И мне кажется, если не ошибаюсь, в титрах после фильма говорится, что Бертолуччи советовался с ламой или ламами, не помню...

----------


## До

Да.

H.E. Dzongsar Khyentse Rinpoche ....  consultant: buddhism  

Но не только, кое кто снимался даже в ролях.

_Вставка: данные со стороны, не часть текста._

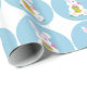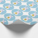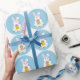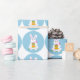 A cute Easter Bunny wearing a pink bow ribbon ever so happy holding on Easter Egg decorated in Spring colours filled with candy sitting on a patch of green grass with a robins egg blue circle. Use this to wrap a gift for a little or big girl or boy or a family or friend to wish them a Happy Easter.
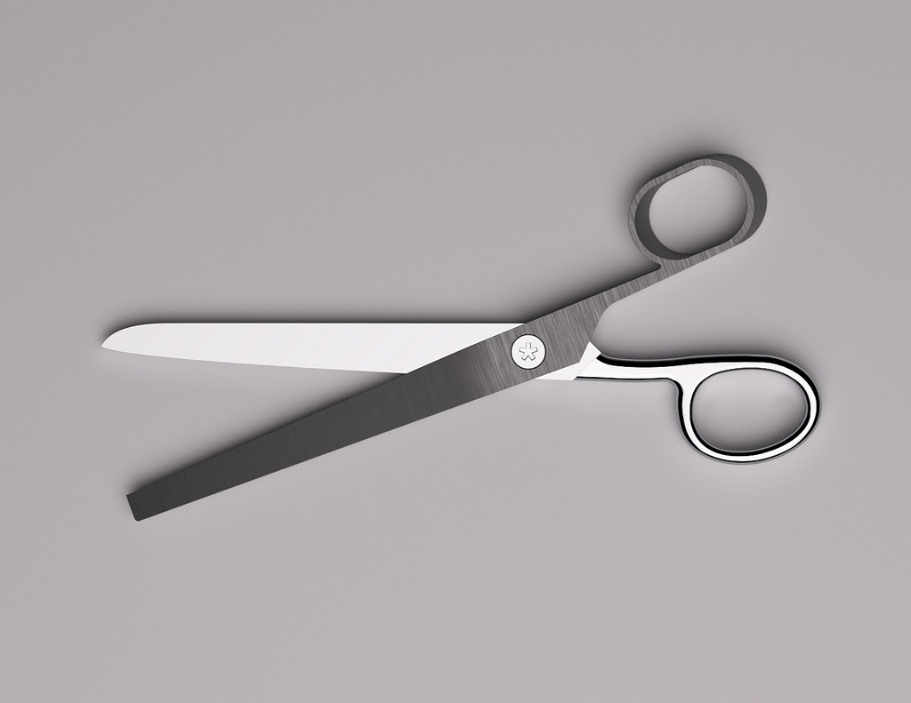 Description: A pair of scissors is shown on a gray background with a shadow of the scissors on the left side.
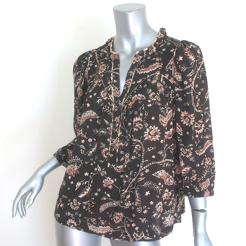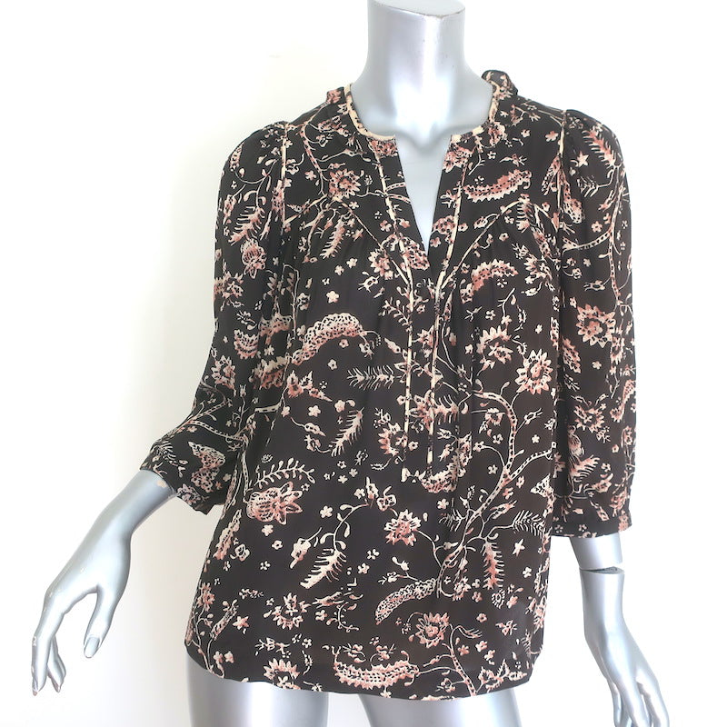 Ba&sh Caia Half-Button Blouse Carbone Floral Print Size Small 3/4 Sleeve Top
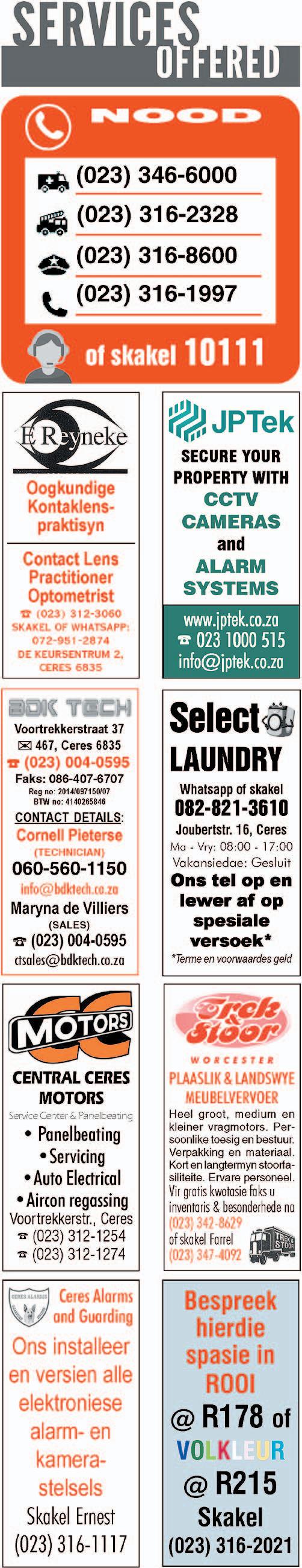 Die Witzenberg Herald word uitgegee vir die eienaars, Snyman, Voortrekkerstraat 17D, Ceres en gedruk deur Novus Print, Lynxstraat 5, Paarden Eiland. Geen advertensie/redaksionele materiaal mag sonder die verlof van die eienaars volgens Art. 12 (7) Wet op Outeursreg 1978 gereproduseer word nie.
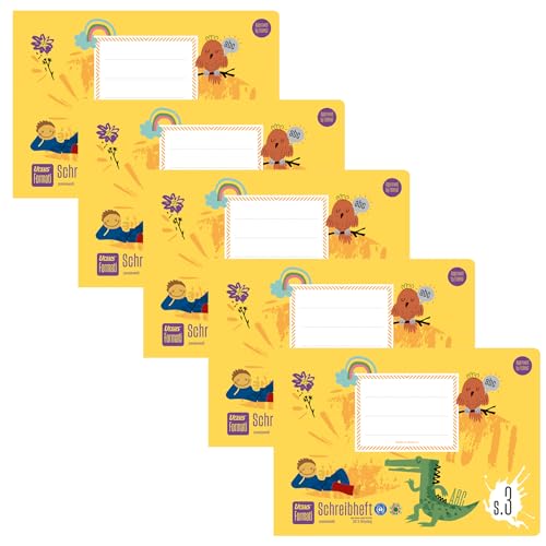 Ursus Forati skrivbok S.3 A5 liggande 20 ark linjerade, 5 stycken, byggande linjatur för nybörjare: inuti, tillverkad av 100% återvunnet papper

Kyongla Rato Rinpoche ....  The Abbot 
Sogyal Rinpoche ....  Kenpo Tensin 
Ven. Khyongla Rato Rinpoche ....  Abbot 
Ven. Geshe Tsultim Gyelsen ....  Lama Dorje 
Mountain Yogi ....  Mountain Yogi

http://imdb.com/title/tt0107426/fullcredits

----------

Дондог (27.07.2016)

----------


## Айк

On the film Little Buddha (Zen Master Seung Sahn)

----------

Дондог (27.07.2016)

----------


## Сатнам

Первый раз смотрел давно и понравилось, сейчас посмотрел в записи и
заметил,что для себя фильм подсознательно разделяю на две части:Будда и маленький Будда и одна часть как-бы вызывает у меня определённые чувства.

----------


## Борис

Мне не слишком понравилось.

Как-то раз, помню, на мои скептические высказывания мне сказали "но ведь Бертолуччи - друг ННР!"  :Smilie:  Дескать, потому его фильм о Будде автоматически должен быть хорошим  :Smilie:

----------


## Граакль

Как странно.
Какое все же разное у людей восприятие.

Я например чуть не расплакался, когда лама нашел своего учителя ламу Дордже, после визита к оракулу. И история Будды очень красиво сделана.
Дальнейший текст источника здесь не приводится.